## Exercise instructions
Transcribe the data exactly, omitting whatever pictures it holds.

## Records for this task

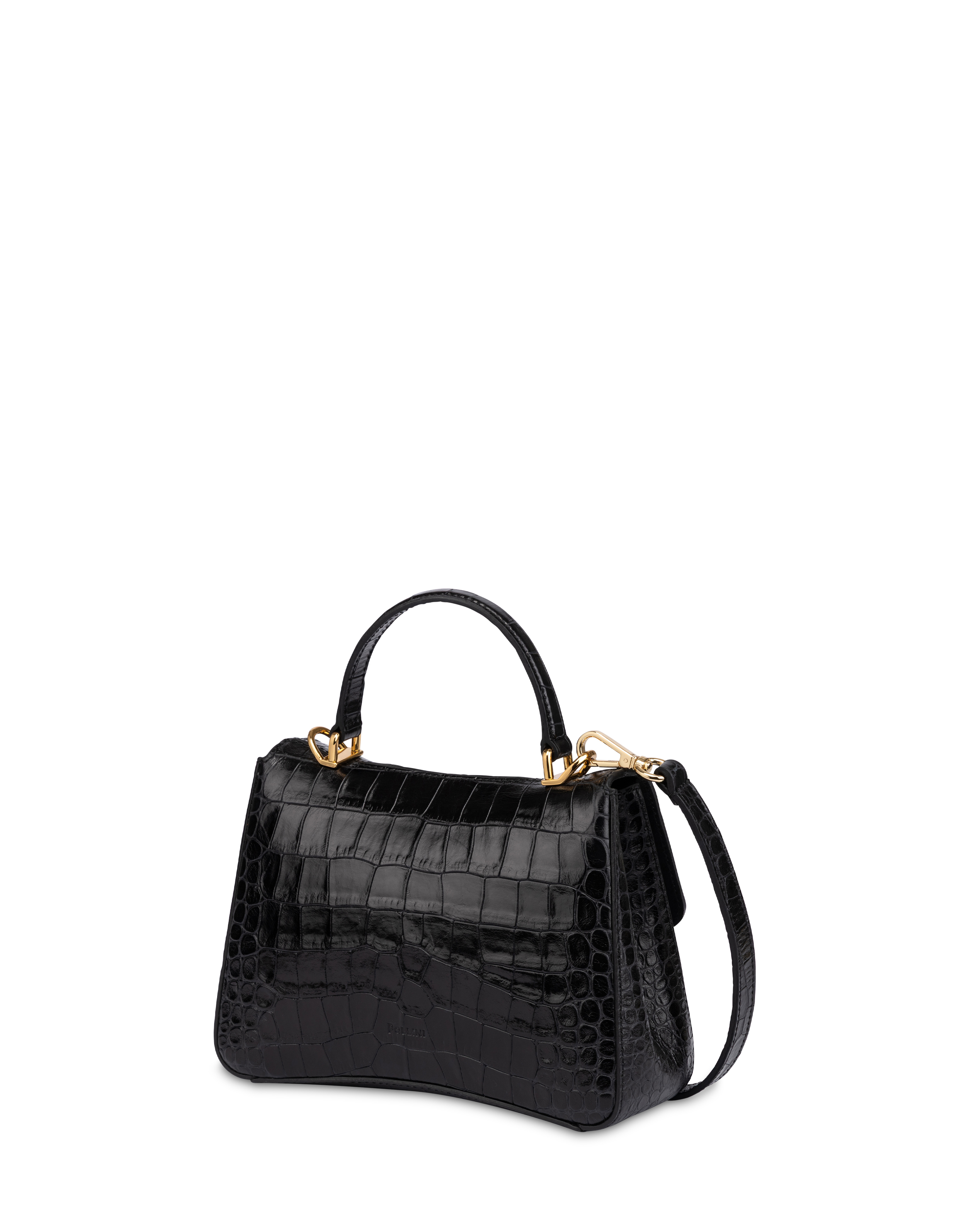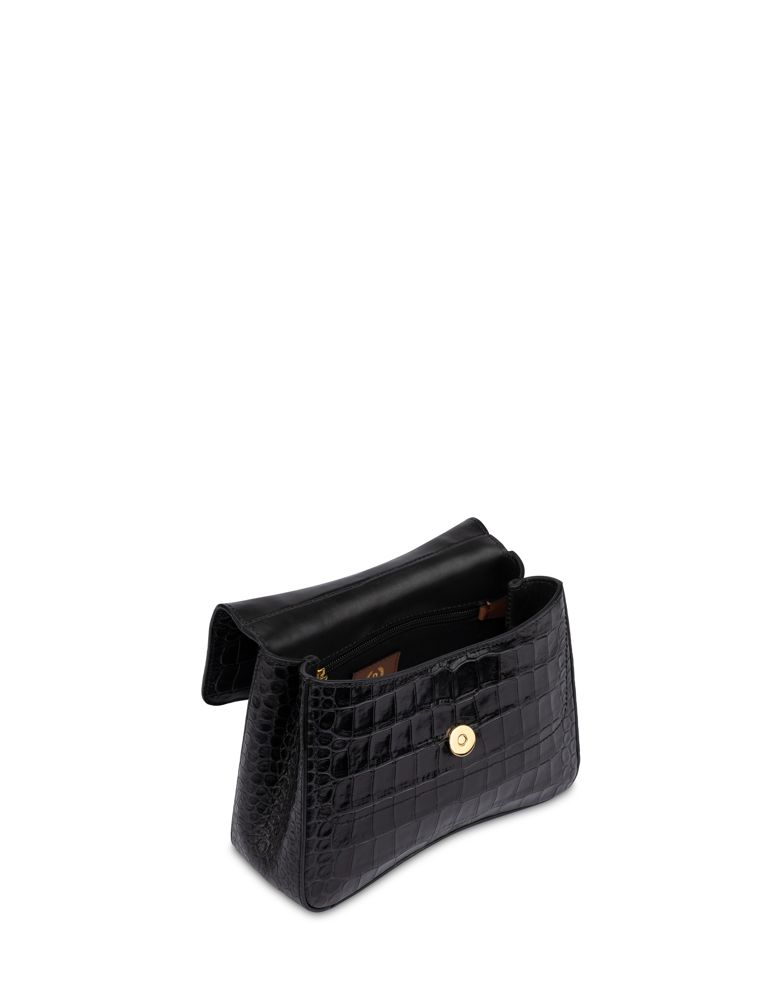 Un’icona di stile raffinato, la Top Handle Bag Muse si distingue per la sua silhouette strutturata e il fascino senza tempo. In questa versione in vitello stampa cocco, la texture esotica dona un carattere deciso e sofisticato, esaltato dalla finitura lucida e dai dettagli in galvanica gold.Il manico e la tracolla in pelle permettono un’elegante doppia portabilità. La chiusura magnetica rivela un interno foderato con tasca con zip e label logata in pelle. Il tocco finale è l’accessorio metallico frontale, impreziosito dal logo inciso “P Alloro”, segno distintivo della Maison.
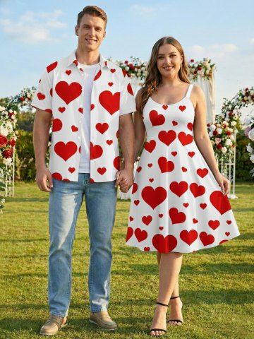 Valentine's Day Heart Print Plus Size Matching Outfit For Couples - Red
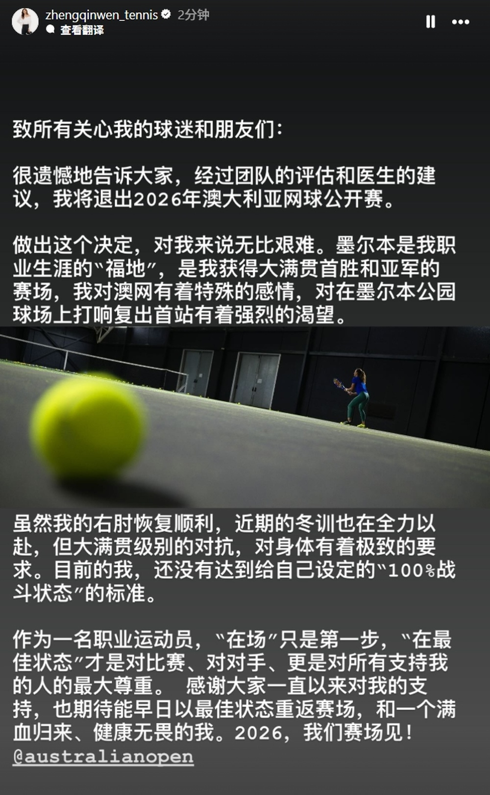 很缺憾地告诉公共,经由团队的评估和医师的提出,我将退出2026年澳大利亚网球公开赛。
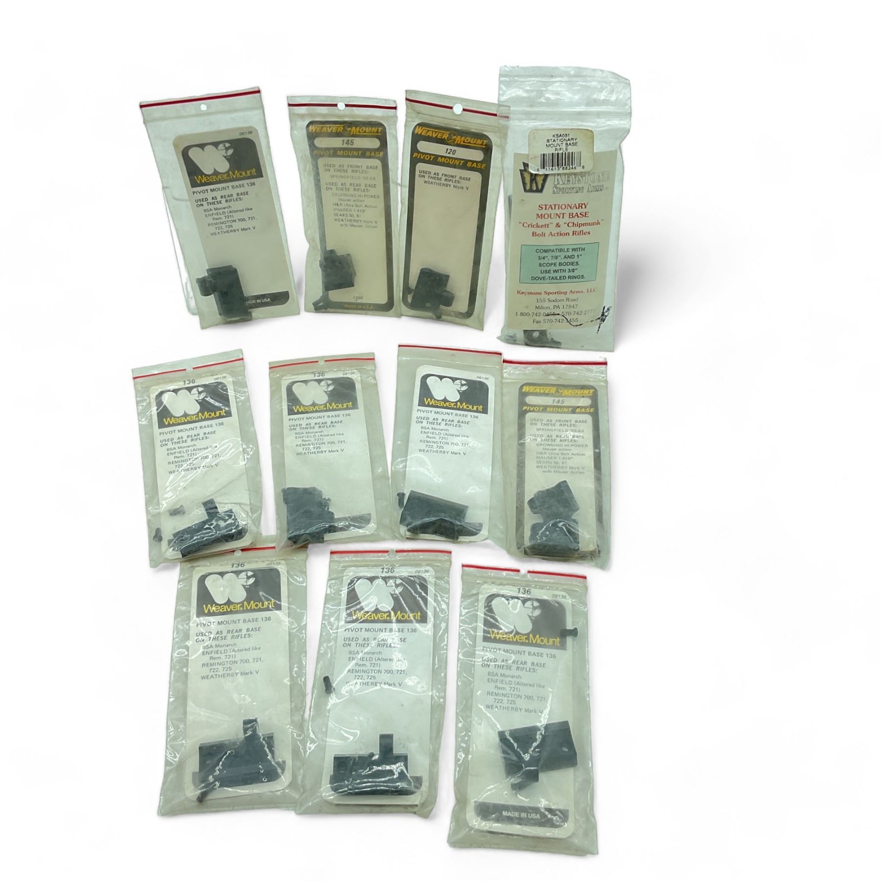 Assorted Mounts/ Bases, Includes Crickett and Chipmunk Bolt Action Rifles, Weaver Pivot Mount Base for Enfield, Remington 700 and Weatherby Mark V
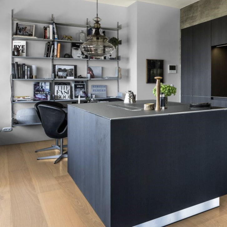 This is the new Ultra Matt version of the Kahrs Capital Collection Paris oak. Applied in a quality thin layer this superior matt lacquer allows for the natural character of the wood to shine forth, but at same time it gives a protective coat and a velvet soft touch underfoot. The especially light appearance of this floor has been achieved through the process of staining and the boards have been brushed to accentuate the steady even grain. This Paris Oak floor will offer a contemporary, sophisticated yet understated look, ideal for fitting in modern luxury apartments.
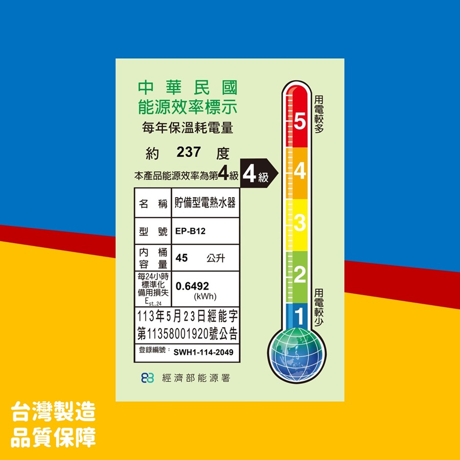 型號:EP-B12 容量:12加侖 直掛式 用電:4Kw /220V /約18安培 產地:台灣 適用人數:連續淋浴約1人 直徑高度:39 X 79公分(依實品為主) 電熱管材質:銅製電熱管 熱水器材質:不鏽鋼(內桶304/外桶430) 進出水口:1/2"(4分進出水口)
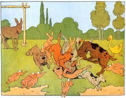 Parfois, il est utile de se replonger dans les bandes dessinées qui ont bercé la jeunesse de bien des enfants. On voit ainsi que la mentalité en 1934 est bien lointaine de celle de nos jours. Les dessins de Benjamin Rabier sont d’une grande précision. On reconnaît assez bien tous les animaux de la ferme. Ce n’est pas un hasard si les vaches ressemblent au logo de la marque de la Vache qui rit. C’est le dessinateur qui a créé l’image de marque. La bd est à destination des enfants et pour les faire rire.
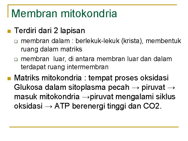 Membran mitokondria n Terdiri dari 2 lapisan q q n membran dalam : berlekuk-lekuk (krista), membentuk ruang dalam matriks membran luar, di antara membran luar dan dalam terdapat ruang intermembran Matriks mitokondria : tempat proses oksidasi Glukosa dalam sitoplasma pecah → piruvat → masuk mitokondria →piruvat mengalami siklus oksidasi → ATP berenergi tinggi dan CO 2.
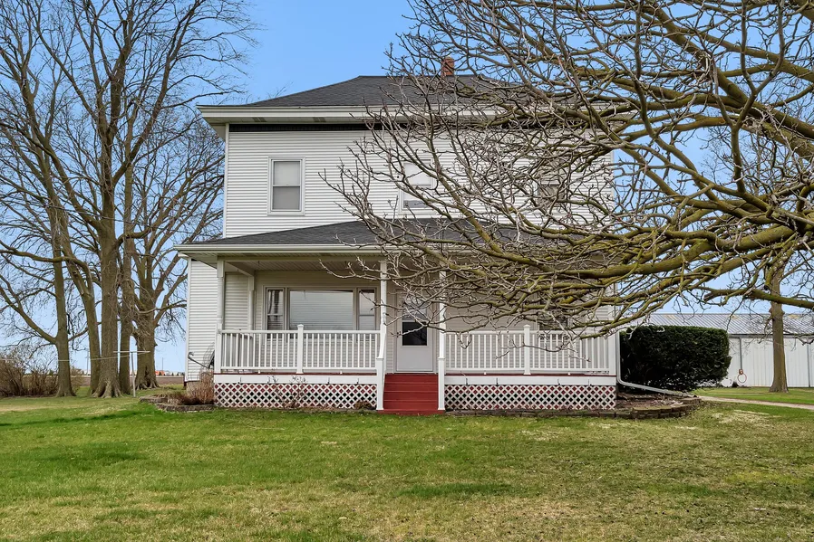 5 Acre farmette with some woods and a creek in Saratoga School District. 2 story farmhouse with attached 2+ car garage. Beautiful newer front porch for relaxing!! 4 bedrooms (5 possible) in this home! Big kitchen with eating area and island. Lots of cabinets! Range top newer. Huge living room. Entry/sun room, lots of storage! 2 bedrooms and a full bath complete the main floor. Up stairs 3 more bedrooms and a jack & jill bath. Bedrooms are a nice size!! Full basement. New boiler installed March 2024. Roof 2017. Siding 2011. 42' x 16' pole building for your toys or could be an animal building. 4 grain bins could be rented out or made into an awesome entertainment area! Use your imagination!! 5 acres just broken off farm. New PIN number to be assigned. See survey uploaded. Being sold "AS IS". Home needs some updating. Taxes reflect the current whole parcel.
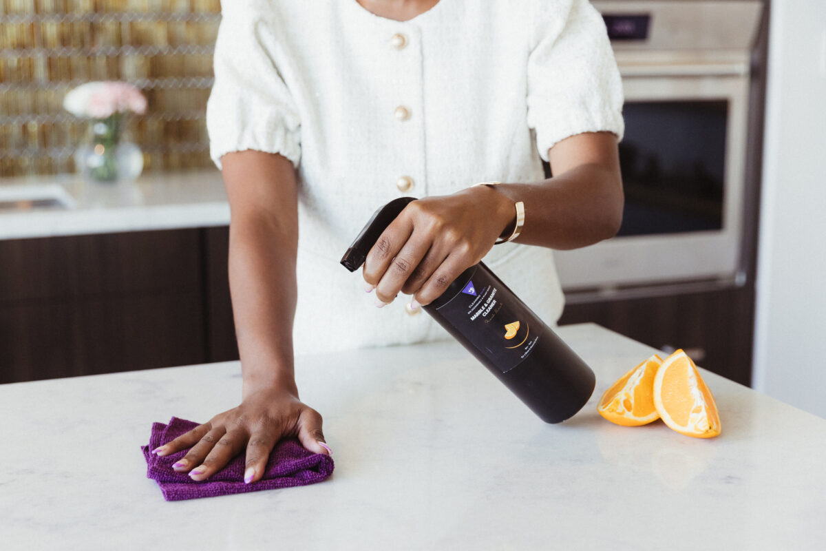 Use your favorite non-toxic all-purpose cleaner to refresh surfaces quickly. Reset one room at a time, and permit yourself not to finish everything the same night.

## Expected output
 Un’icona di stile raffinato, la Top Handle Bag Muse si distingue per la sua silhouette strutturata e il fascino senza tempo. In questa versione in vitello stampa cocco, la texture esotica dona un carattere deciso e sofisticato, esaltato dalla finitura lucida e dai dettagli in galvanica gold.Il manico e la tracolla in pelle permettono un’elegante doppia portabilità. La chiusura magnetica rivela un interno foderato con tasca con zip e label logata in pelle. Il tocco finale è l’accessorio metallico frontale, impreziosito dal logo inciso “P Alloro”, segno distintivo della Maison.
 Valentine's Day Heart Print Plus Size Matching Outfit For Couples - Red
 很缺憾地告诉公共,经由团队的评估和医师的提出,我将退出2026年澳大利亚网球公开赛。
 Assorted Mounts/ Bases, Includes Crickett and Chipmunk Bolt Action Rifles, Weaver Pivot Mount Base for Enfield, Remington 700 and Weatherby Mark V
 This is the new Ultra Matt version of the Kahrs Capital Collection Paris oak. Applied in a quality thin layer this superior matt lacquer allows for the natural character of the wood to shine forth, but at same time it gives a protective coat and a velvet soft touch underfoot. The especially light appearance of this floor has been achieved through the process of staining and the boards have been brushed to accentuate the steady even grain. This Paris Oak floor will offer a contemporary, sophisticated yet understated look, ideal for fitting in modern luxury apartments.
 型號:EP-B12 容量:12加侖 直掛式 用電:4Kw /220V /約18安培 產地:台灣 適用人數:連續淋浴約1人 直徑高度:39 X 79公分(依實品為主) 電熱管材質:銅製電熱管 熱水器材質:不鏽鋼(內桶304/外桶430) 進出水口:1/2"(4分進出水口)
 Parfois, il est utile de se replonger dans les bandes dessinées qui ont bercé la jeunesse de bien des enfants. On voit ainsi que la mentalité en 1934 est bien lointaine de celle de nos jours. Les dessins de Benjamin Rabier sont d’une grande précision. On reconnaît assez bien tous les animaux de la ferme. Ce n’est pas un hasard si les vaches ressemblent au logo de la marque de la Vache qui rit. C’est le dessinateur qui a créé l’image de marque. La bd est à destination des enfants et pour les faire rire.
 Membran mitokondria n Terdiri dari 2 lapisan q q n membran dalam : berlekuk-lekuk (krista), membentuk ruang dalam matriks membran luar, di antara membran luar dan dalam terdapat ruang intermembran Matriks mitokondria : tempat proses oksidasi Glukosa dalam sitoplasma pecah → piruvat → masuk mitokondria →piruvat mengalami siklus oksidasi → ATP berenergi tinggi dan CO 2.
 5 Acre farmette with some woods and a creek in Saratoga School District. 2 story farmhouse with attached 2+ car garage. Beautiful newer front porch for relaxing!! 4 bedrooms (5 possible) in this home! Big kitchen with eating area and island. Lots of cabinets! Range top newer. Huge living room. Entry/sun room, lots of storage! 2 bedrooms and a full bath complete the main floor. Up stairs 3 more bedrooms and a jack & jill bath. Bedrooms are a nice size!! Full basement. New boiler installed March 2024. Roof 2017. Siding 2011. 42' x 16' pole building for your toys or could be an animal building. 4 grain bins could be rented out or made into an awesome entertainment area! Use your imagination!! 5 acres just broken off farm. New PIN number to be assigned. See survey uploaded. Being sold "AS IS". Home needs some updating. Taxes reflect the current whole parcel.
 Use your favorite non-toxic all-purpose cleaner to refresh surfaces quickly. Reset one room at a time, and permit yourself not to finish everything the same night.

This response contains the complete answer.